» **DATA FOR THIS TASK**
☆ ☆ ☆ ☆

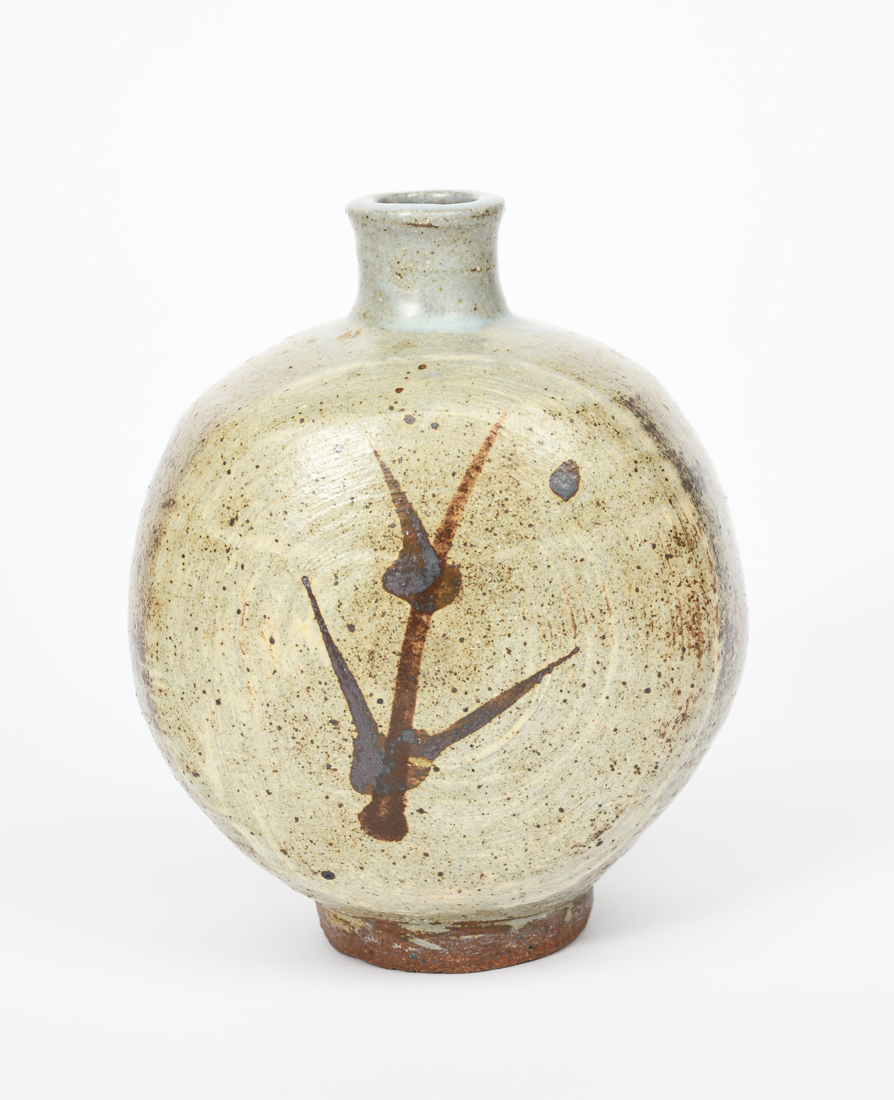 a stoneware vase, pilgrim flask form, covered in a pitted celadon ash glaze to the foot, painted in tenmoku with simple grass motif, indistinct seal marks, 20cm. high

☆ ☆ ☆ ☆

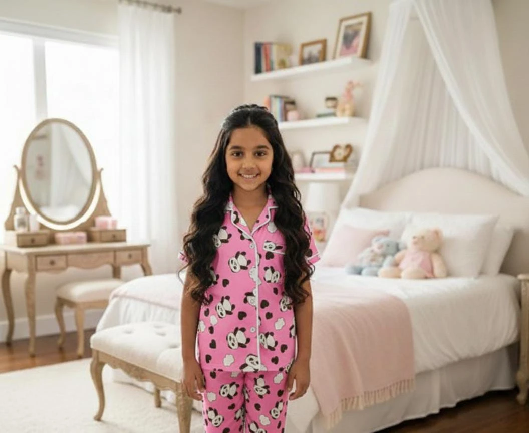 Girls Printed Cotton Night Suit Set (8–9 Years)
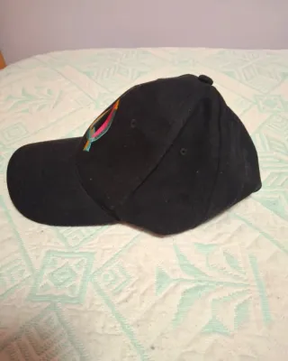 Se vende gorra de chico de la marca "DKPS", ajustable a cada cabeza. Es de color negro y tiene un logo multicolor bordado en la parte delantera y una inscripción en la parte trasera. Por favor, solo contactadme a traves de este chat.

☆ ☆ ☆ ☆

» **WHAT YOU SHOULD DO**
Repeat, without pictures, exactly the lines of the data above from the one containing "Girls Printed Cotton" through the one containing "Se vende gorra", including both and adding nothing.

» **FINISHED TASK**
 Girls Printed Cotton Night Suit Set (8–9 Years)
 Se vende gorra de chico de la marca "DKPS", ajustable a cada cabeza. Es de color negro y tiene un logo multicolor bordado en la parte delantera y una inscripción en la parte trasera. Por favor, solo contactadme a traves de este chat.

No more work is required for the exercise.